**Data extract**
******

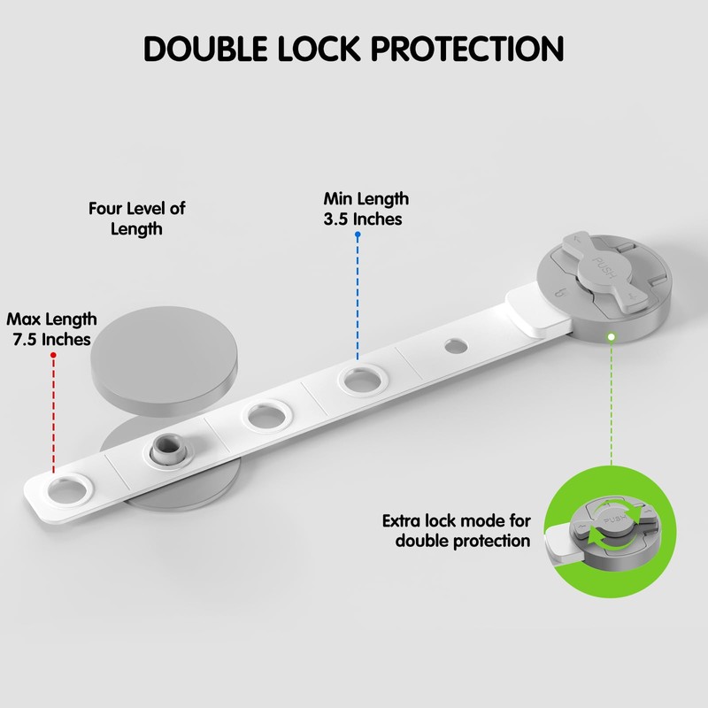 - [Adjustable and Protective] To accommodate various applications, the strap of this child-proof lock is adjustable in length from 3.5 inches to 7.5 inches. The strap is made from soft PE material, which offers better protection for children's delicate hands compared to hard plastic straps in other products.
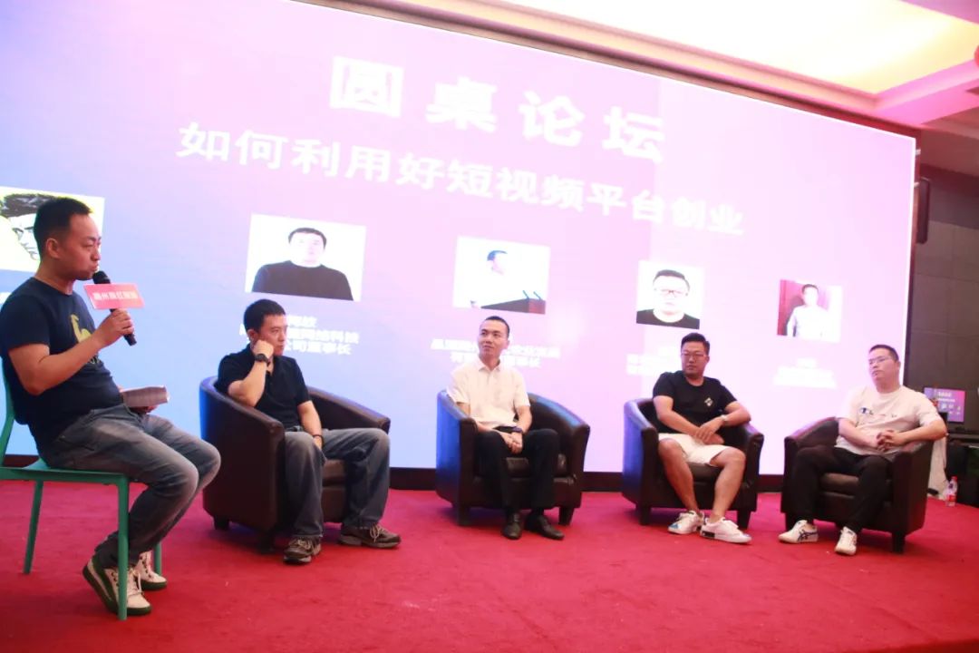 随州百度负责人梅放、品源农业负责人罗圆、随州抖音负责人李雄、大侠传媒负责人金磊就如何利用好短视频平台创业进行了圆桌分享,筋斗云SPACE负责人孔伟担任主持人。
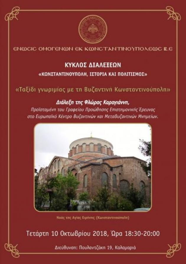 Το Διοικητικό Συμβούλιο της «Ένωσις Ομογενών εκ Κωνσταντινουπόλεως Βορείου Ελλάδος» στο πλαίσιο της δυναμικής παρέμβασης του στα πολιτιστικά και εκπαιδευτικά δρώμενα της Θεσσαλονίκης, ξεκινά κύκλο διαλέξεων με θέμα: «Κωνσταντινούπολη. Ιστορία και Πολιτισμός». Στόχος αυτών των διαλέξεων είναι να γνωρίσουν την ιστορία και τον πολιτισμό της, όχι μόνο όσοι αντλούν τις ρίζες τους από την Κωνσταντινούπολη, αλλά και το ευρύτερο κοινό της Θεσσαλονίκης. Οι διαλέξεις θα αρχίσουν την 10η Οκτωβρίου και θα λαμβάνουν χώρα κάθε δεύτερη Τετάρτη του μήνα στο εντευκτήριο μας, (Πουλαντζάκη 19, Καλαμαριά) 18.30 – 20.00. Θα απευθύνονται σε κάθε ενδιαφερόμενο. Στο πέρας του Κύκλου Διαλέξεων θα χορηγείται σχετική βεβαίωση παρακολούθησης των ομιλιών.
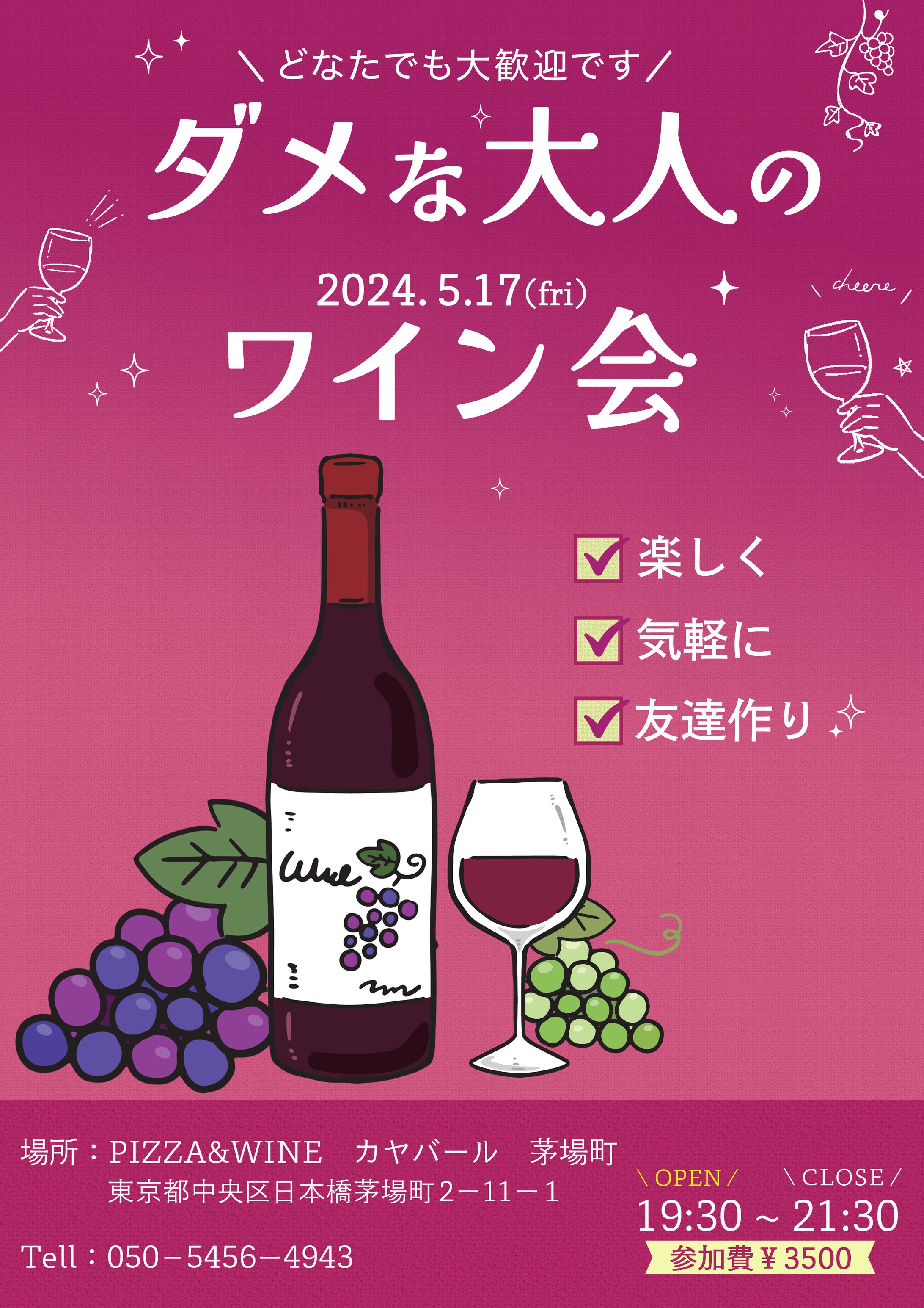 ワインパーティーのチラシ・ポスターに最適な写真・イラストの選び方インスピ。

******

**Problem to work on**
All of the lines above should be copied exactly, apart from the pictures.

**Answer box**
 - [Adjustable and Protective] To accommodate various applications, the strap of this child-proof lock is adjustable in length from 3.5 inches to 7.5 inches. The strap is made from soft PE material, which offers better protection for children's delicate hands compared to hard plastic straps in other products.
 随州百度负责人梅放、品源农业负责人罗圆、随州抖音负责人李雄、大侠传媒负责人金磊就如何利用好短视频平台创业进行了圆桌分享,筋斗云SPACE负责人孔伟担任主持人。
 Το Διοικητικό Συμβούλιο της «Ένωσις Ομογενών εκ Κωνσταντινουπόλεως Βορείου Ελλάδος» στο πλαίσιο της δυναμικής παρέμβασης του στα πολιτιστικά και εκπαιδευτικά δρώμενα της Θεσσαλονίκης, ξεκινά κύκλο διαλέξεων με θέμα: «Κωνσταντινούπολη. Ιστορία και Πολιτισμός». Στόχος αυτών των διαλέξεων είναι να γνωρίσουν την ιστορία και τον πολιτισμό της, όχι μόνο όσοι αντλούν τις ρίζες τους από την Κωνσταντινούπολη, αλλά και το ευρύτερο κοινό της Θεσσαλονίκης. Οι διαλέξεις θα αρχίσουν την 10η Οκτωβρίου και θα λαμβάνουν χώρα κάθε δεύτερη Τετάρτη του μήνα στο εντευκτήριο μας, (Πουλαντζάκη 19, Καλαμαριά) 18.30 – 20.00. Θα απευθύνονται σε κάθε ενδιαφερόμενο. Στο πέρας του Κύκλου Διαλέξεων θα χορηγείται σχετική βεβαίωση παρακολούθησης των ομιλιών.
 ワインパーティーのチラシ・ポスターに最適な写真・イラストの選び方インスピ。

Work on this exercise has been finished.